• [Input records]:

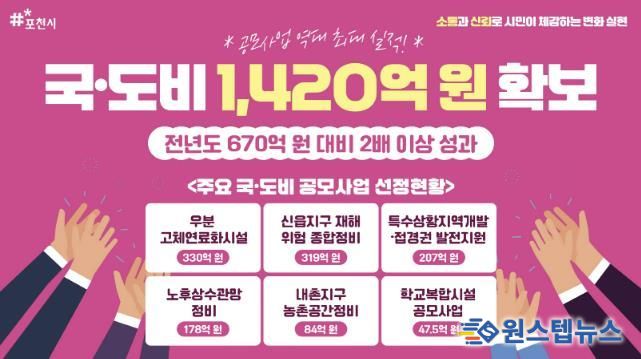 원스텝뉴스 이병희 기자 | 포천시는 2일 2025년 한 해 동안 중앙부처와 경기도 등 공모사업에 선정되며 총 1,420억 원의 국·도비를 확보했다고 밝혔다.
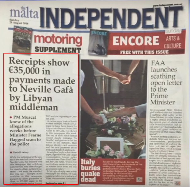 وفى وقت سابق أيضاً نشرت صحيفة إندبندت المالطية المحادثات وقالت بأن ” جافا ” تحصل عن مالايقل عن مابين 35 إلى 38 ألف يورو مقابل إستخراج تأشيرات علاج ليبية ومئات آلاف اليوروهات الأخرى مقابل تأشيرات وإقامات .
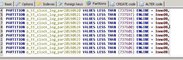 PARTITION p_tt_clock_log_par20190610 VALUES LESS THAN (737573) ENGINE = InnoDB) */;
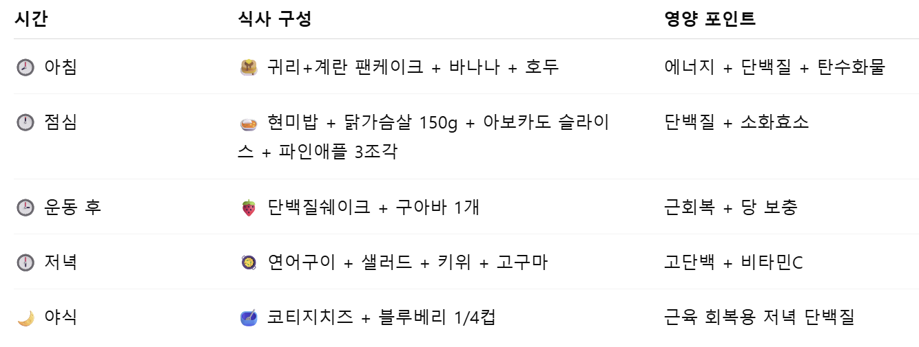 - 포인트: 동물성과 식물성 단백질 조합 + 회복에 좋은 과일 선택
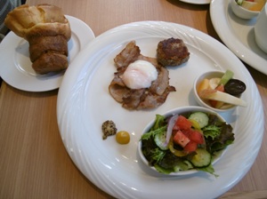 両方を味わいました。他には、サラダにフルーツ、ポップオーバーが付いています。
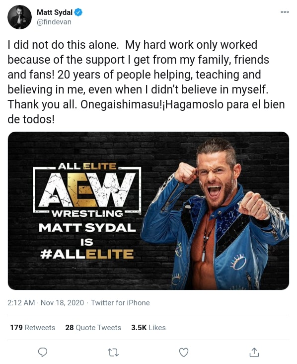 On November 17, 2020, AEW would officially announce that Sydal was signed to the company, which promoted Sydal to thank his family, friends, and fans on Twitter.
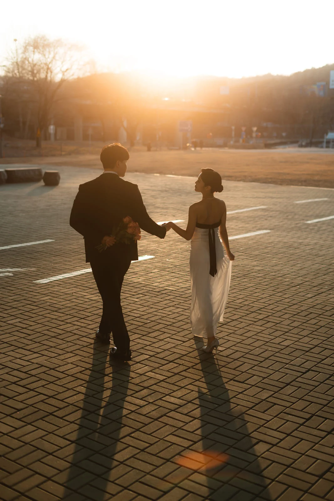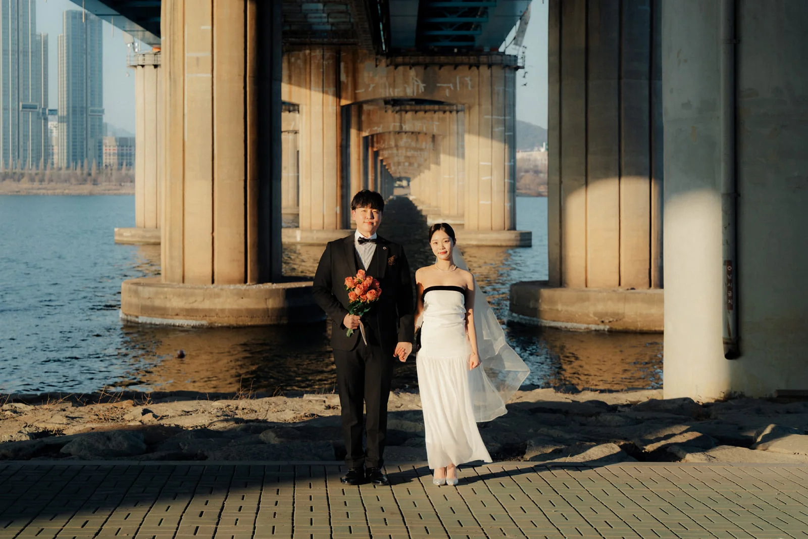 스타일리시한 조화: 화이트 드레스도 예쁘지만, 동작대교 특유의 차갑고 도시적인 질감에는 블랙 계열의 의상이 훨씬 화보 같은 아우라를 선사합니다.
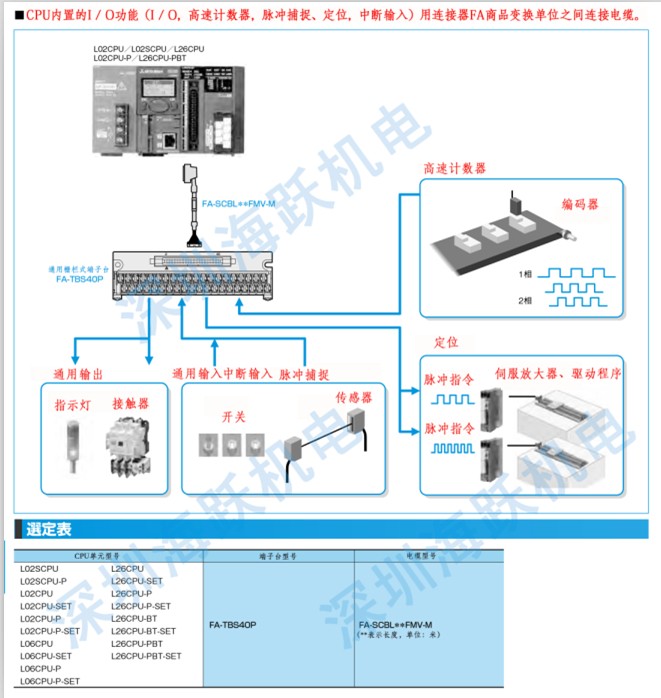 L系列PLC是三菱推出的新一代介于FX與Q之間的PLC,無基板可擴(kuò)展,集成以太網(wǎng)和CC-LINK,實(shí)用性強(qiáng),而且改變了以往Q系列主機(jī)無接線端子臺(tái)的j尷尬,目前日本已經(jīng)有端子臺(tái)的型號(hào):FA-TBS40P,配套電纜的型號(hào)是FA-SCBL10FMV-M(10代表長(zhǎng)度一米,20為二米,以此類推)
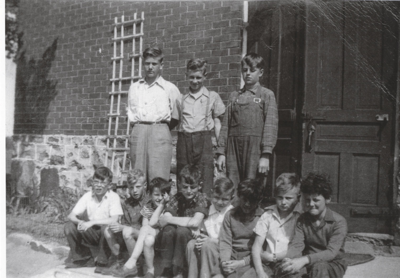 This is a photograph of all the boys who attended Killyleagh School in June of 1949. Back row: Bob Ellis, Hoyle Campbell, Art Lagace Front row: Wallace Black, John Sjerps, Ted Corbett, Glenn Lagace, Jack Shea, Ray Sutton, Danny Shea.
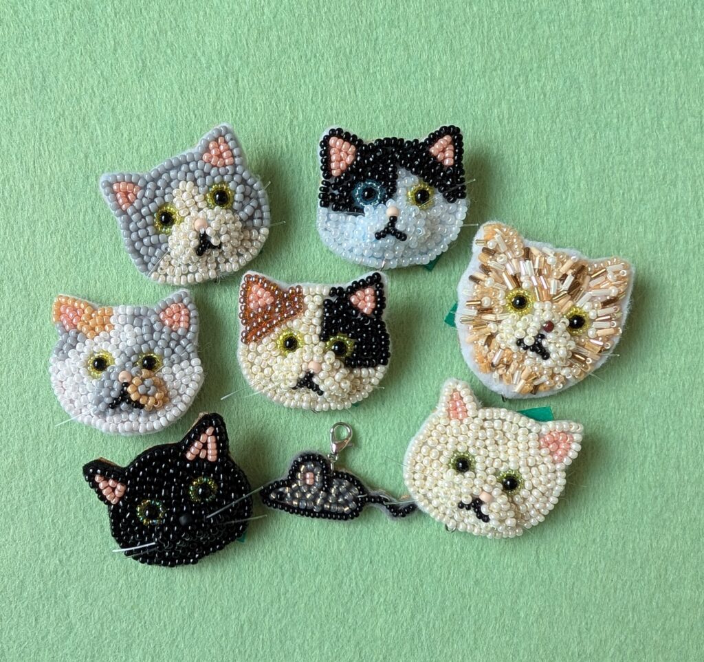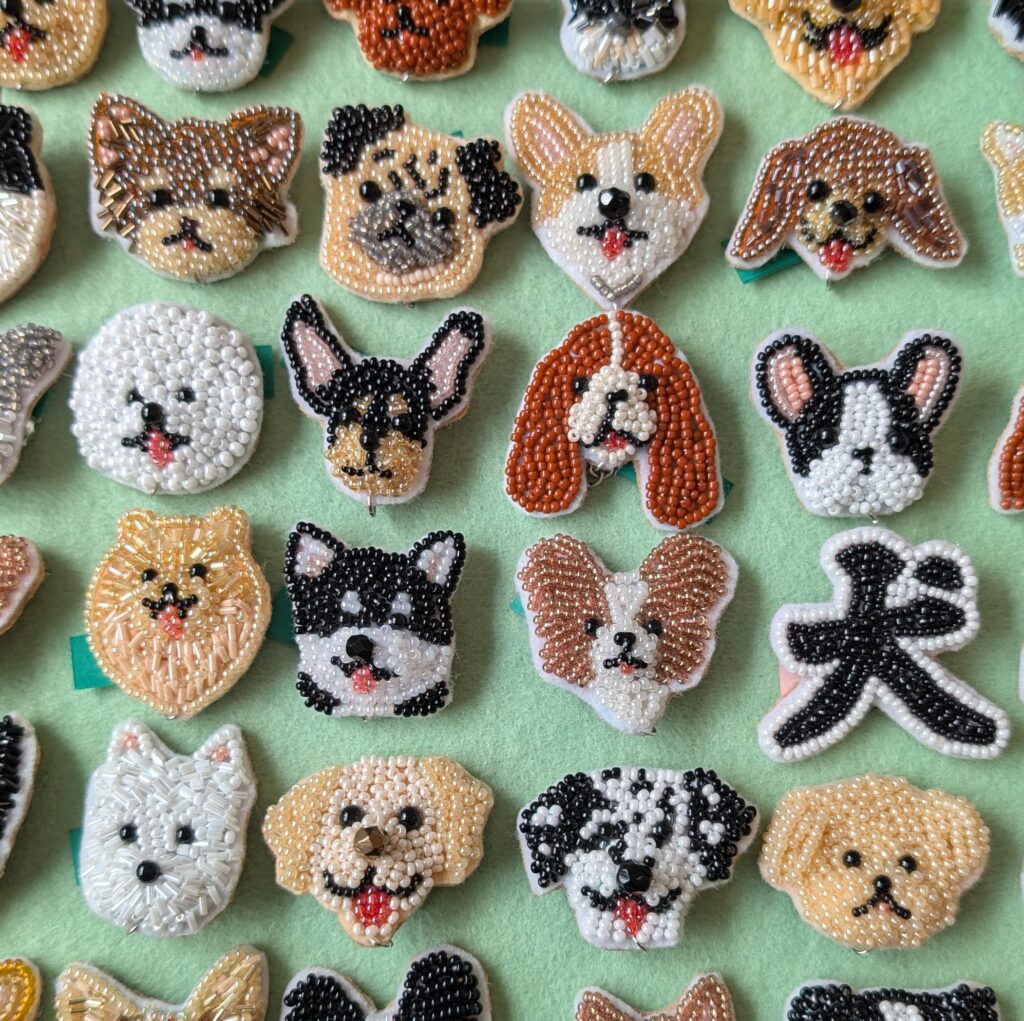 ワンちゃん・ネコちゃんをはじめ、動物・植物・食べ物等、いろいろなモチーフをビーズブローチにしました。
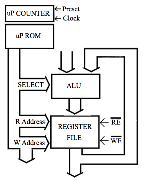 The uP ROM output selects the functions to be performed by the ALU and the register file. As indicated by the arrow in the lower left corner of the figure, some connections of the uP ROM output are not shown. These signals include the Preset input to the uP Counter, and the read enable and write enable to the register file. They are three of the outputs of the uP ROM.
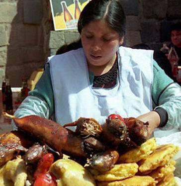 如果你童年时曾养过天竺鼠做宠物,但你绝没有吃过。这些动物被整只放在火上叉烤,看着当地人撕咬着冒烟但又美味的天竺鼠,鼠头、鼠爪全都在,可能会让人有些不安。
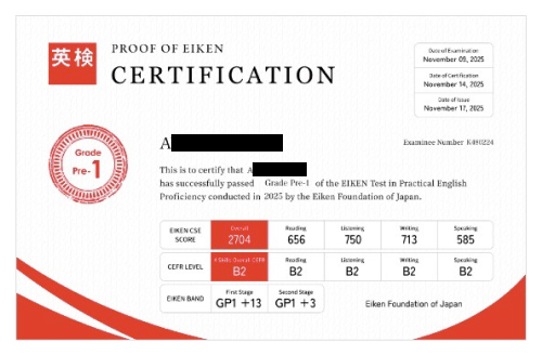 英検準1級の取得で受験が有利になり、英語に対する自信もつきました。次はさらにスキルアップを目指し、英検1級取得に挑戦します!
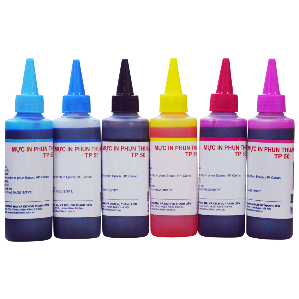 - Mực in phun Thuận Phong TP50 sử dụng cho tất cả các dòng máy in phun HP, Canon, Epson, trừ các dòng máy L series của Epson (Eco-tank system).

• [Exercise]: Reproduce the listing exactly, but omit every picture in it.

• [Solution to the problem]:
 원스텝뉴스 이병희 기자 | 포천시는 2일 2025년 한 해 동안 중앙부처와 경기도 등 공모사업에 선정되며 총 1,420억 원의 국·도비를 확보했다고 밝혔다.
 وفى وقت سابق أيضاً نشرت صحيفة إندبندت المالطية المحادثات وقالت بأن ” جافا ” تحصل عن مالايقل عن مابين 35 إلى 38 ألف يورو مقابل إستخراج تأشيرات علاج ليبية ومئات آلاف اليوروهات الأخرى مقابل تأشيرات وإقامات .
 PARTITION p_tt_clock_log_par20190610 VALUES LESS THAN (737573) ENGINE = InnoDB) */;
 - 포인트: 동물성과 식물성 단백질 조합 + 회복에 좋은 과일 선택
 両方を味わいました。他には、サラダにフルーツ、ポップオーバーが付いています。
 On November 17, 2020, AEW would officially announce that Sydal was signed to the company, which promoted Sydal to thank his family, friends, and fans on Twitter.
 스타일리시한 조화: 화이트 드레스도 예쁘지만, 동작대교 특유의 차갑고 도시적인 질감에는 블랙 계열의 의상이 훨씬 화보 같은 아우라를 선사합니다.
 L系列PLC是三菱推出的新一代介于FX與Q之間的PLC,無基板可擴(kuò)展,集成以太網(wǎng)和CC-LINK,實(shí)用性強(qiáng),而且改變了以往Q系列主機(jī)無接線端子臺(tái)的j尷尬,目前日本已經(jīng)有端子臺(tái)的型號(hào):FA-TBS40P,配套電纜的型號(hào)是FA-SCBL10FMV-M(10代表長(zhǎng)度一米,20為二米,以此類推)
 This is a photograph of all the boys who attended Killyleagh School in June of 1949. Back row: Bob Ellis, Hoyle Campbell, Art Lagace Front row: Wallace Black, John Sjerps, Ted Corbett, Glenn Lagace, Jack Shea, Ray Sutton, Danny Shea.
 ワンちゃん・ネコちゃんをはじめ、動物・植物・食べ物等、いろいろなモチーフをビーズブローチにしました。
 The uP ROM output selects the functions to be performed by the ALU and the register file. As indicated by the arrow in the lower left corner of the figure, some connections of the uP ROM output are not shown. These signals include the Preset input to the uP Counter, and the read enable and write enable to the register file. They are three of the outputs of the uP ROM.
 如果你童年时曾养过天竺鼠做宠物,但你绝没有吃过。这些动物被整只放在火上叉烤,看着当地人撕咬着冒烟但又美味的天竺鼠,鼠头、鼠爪全都在,可能会让人有些不安。
 英検準1級の取得で受験が有利になり、英語に対する自信もつきました。次はさらにスキルアップを目指し、英検1級取得に挑戦します!
 - Mực in phun Thuận Phong TP50 sử dụng cho tất cả các dòng máy in phun HP, Canon, Epson, trừ các dòng máy L series của Epson (Eco-tank system).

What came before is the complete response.